- **DIRECTIONS**
Repeat the data verbatim, images excluded.

- **RAW DATA**
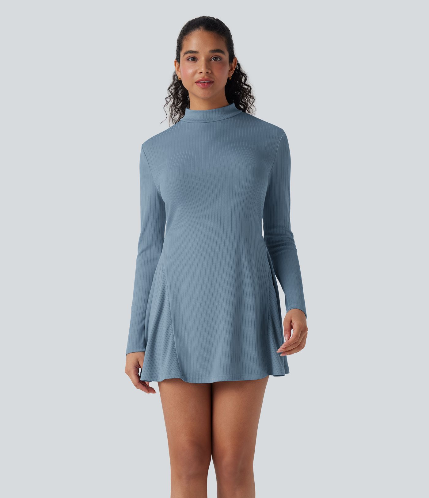 Ribbed Knit Mock-neck Long Sleeve Mini Casual Dress
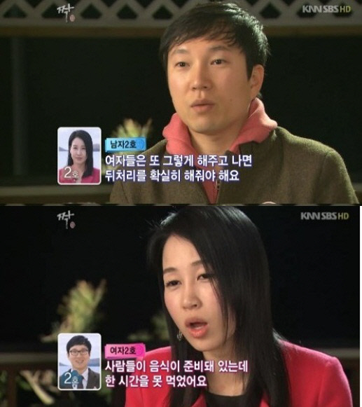 SBS '짝'에서 남자의 행동에 여자의 성격이 폭발했다.
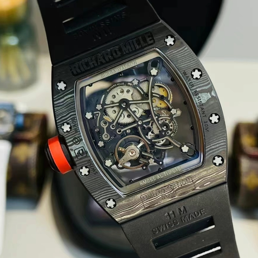파이어 릴리스 올인원 "리차드밀" 릴샤 미르미르는 인기 있는 RMul 2 무브먼트 RM055를 탑재한 최신 NTPT 카본 파이버 소재로 출시되었습니다. RM055는 RM 브랜드 판매 시장에서 꾸준히 호평을 받아온 모델입니다. 수많은 유명 인사들이 애용하는 이 모델은 리인그레이빙 업계의 끊임없는 발전과 디테일의 차별화를 통해 최고의 애호가들을 사로잡았습니다.
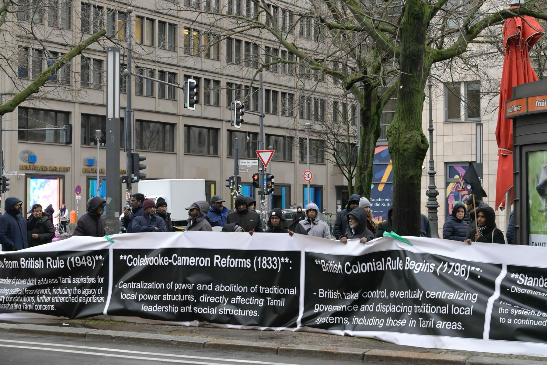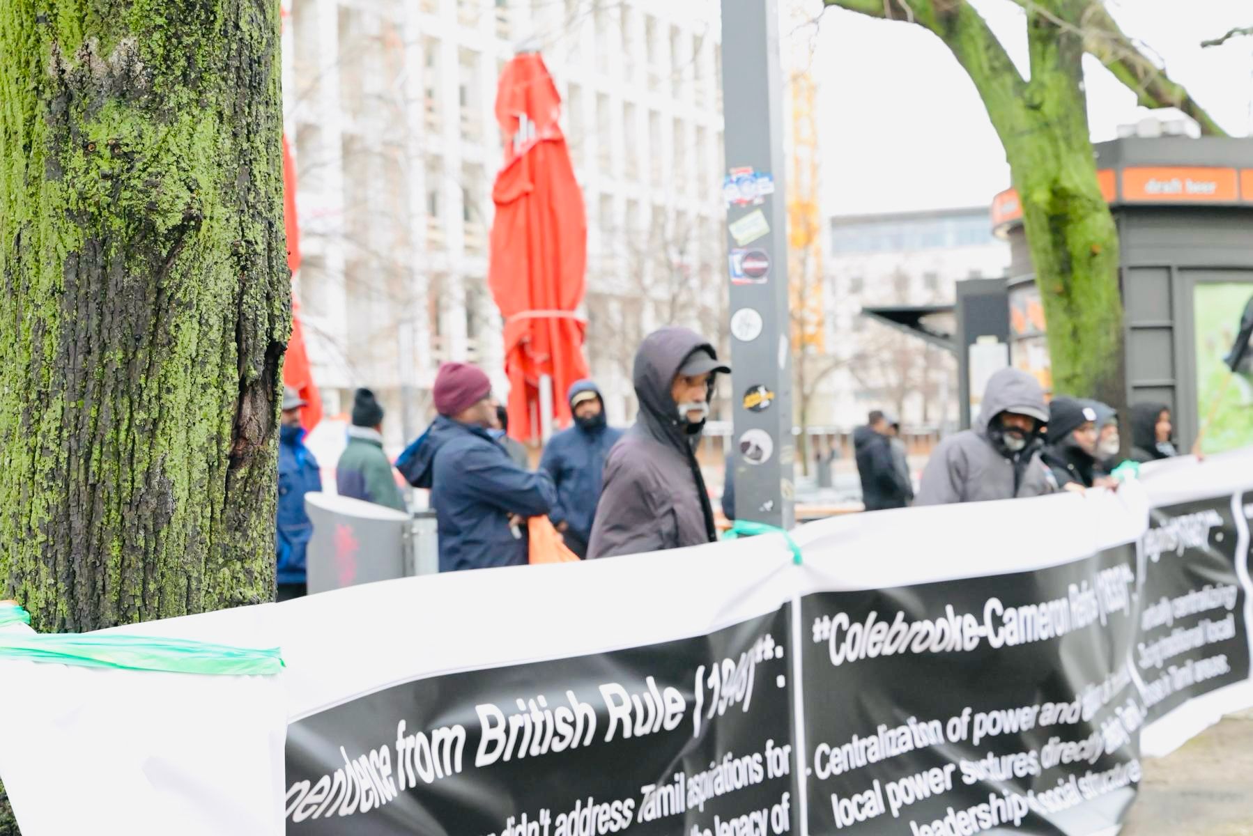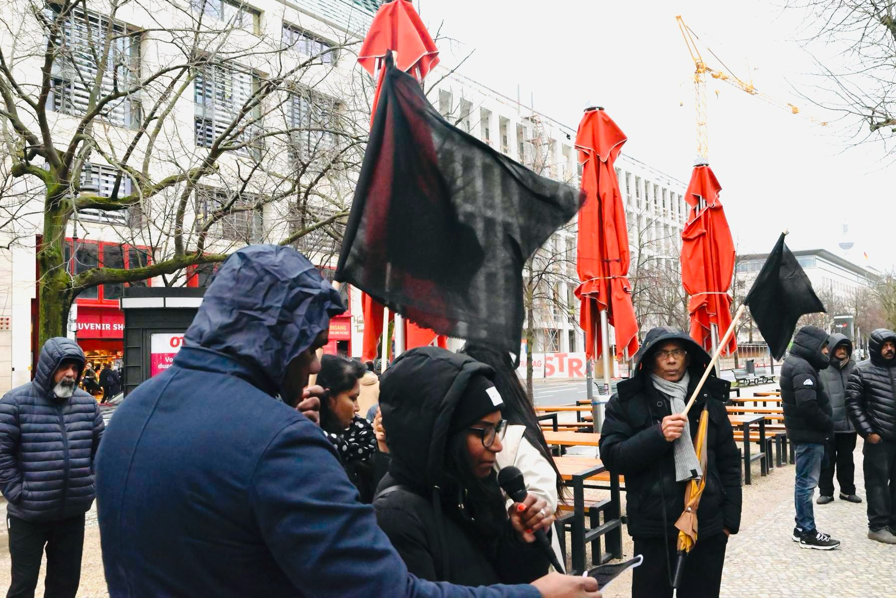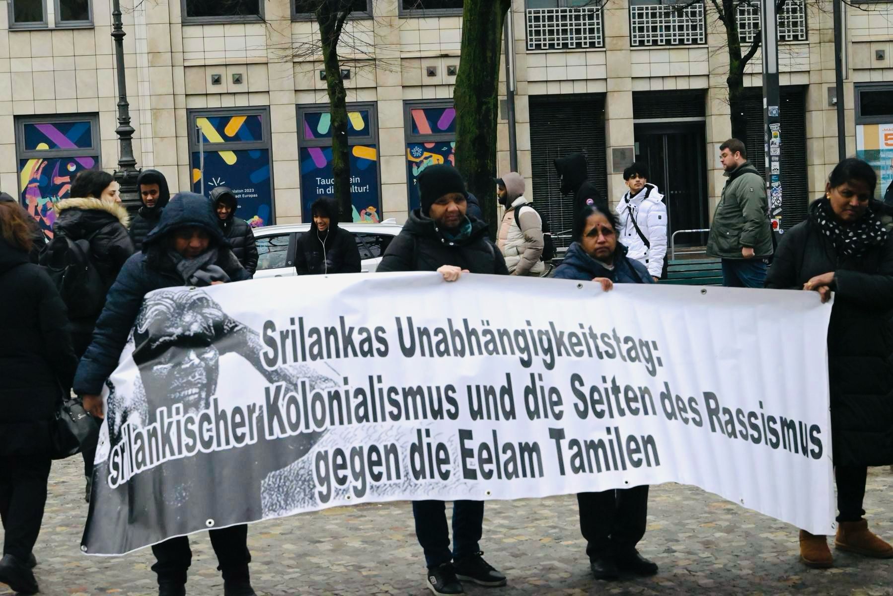 சிங்கள பேரினவாத அரசின் 76 வது சுதந்திர தினத்தை புறக்கணிக்கும் முகமாக யேர்மன் தலைநகரில் பிரித்தானியா தூதரகத்தின் முன்னால் கடும் குளிர் மற்றும் சீரற்ற காலநிலைக்கு மத்தியிலும் தமிழின உணர்வாளர்கள் ஒன்றுகூடி அடையாள கவனயீர்ப்பு நிகழ்வில் ஈடுபட்டனர்.

- **RESULT OF THE TASK**
 Ribbed Knit Mock-neck Long Sleeve Mini Casual Dress
 SBS '짝'에서 남자의 행동에 여자의 성격이 폭발했다.
파이어 릴리스 올인원 "리차드밀" 릴샤 미르미르는 인기 있는 RMul 2 무브먼트 RM055를 탑재한 최신 NTPT 카본 파이버 소재로 출시되었습니다. RM055는 RM 브랜드 판매 시장에서 꾸준히 호평을 받아온 모델입니다. 수많은 유명 인사들이 애용하는 이 모델은 리인그레이빙 업계의 끊임없는 발전과 디테일의 차별화를 통해 최고의 애호가들을 사로잡았습니다.
 சிங்கள பேரினவாத அரசின் 76 வது சுதந்திர தினத்தை புறக்கணிக்கும் முகமாக யேர்மன் தலைநகரில் பிரித்தானியா தூதரகத்தின் முன்னால் கடும் குளிர் மற்றும் சீரற்ற காலநிலைக்கு மத்தியிலும் தமிழின உணர்வாளர்கள் ஒன்றுகூடி அடையாள கவனயீர்ப்பு நிகழ்வில் ஈடுபட்டனர்.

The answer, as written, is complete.